• EXERCISE DATA:
......

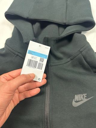 Felpa con cappuccio Nike Tech. Con piccole macchioline - Zip frontale. - Tasche a marsupio. - Dettagli a contrasto sulle maniche.
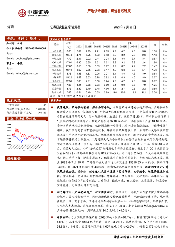 【中泰证券】【20230722】中泰证券-煤炭行业周报:产地供给紧缩,煤价易涨难跌-25页
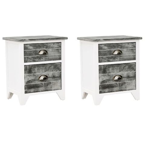 vidaXL Yöpöytä 2 laatikolla 2 kpl keisaripuu ja vaneri ruskea ja valk.(sku242042

......

• PROBLEM TO WORK ON: Repeat all the material exactly, but keep pictures out of the copy.

• WRITTEN ANSWER:
 Felpa con cappuccio Nike Tech. Con piccole macchioline - Zip frontale. - Tasche a marsupio. - Dettagli a contrasto sulle maniche.
 【中泰证券】【20230722】中泰证券-煤炭行业周报:产地供给紧缩,煤价易涨难跌-25页
 vidaXL Yöpöytä 2 laatikolla 2 kpl keisaripuu ja vaneri ruskea ja valk.(sku242042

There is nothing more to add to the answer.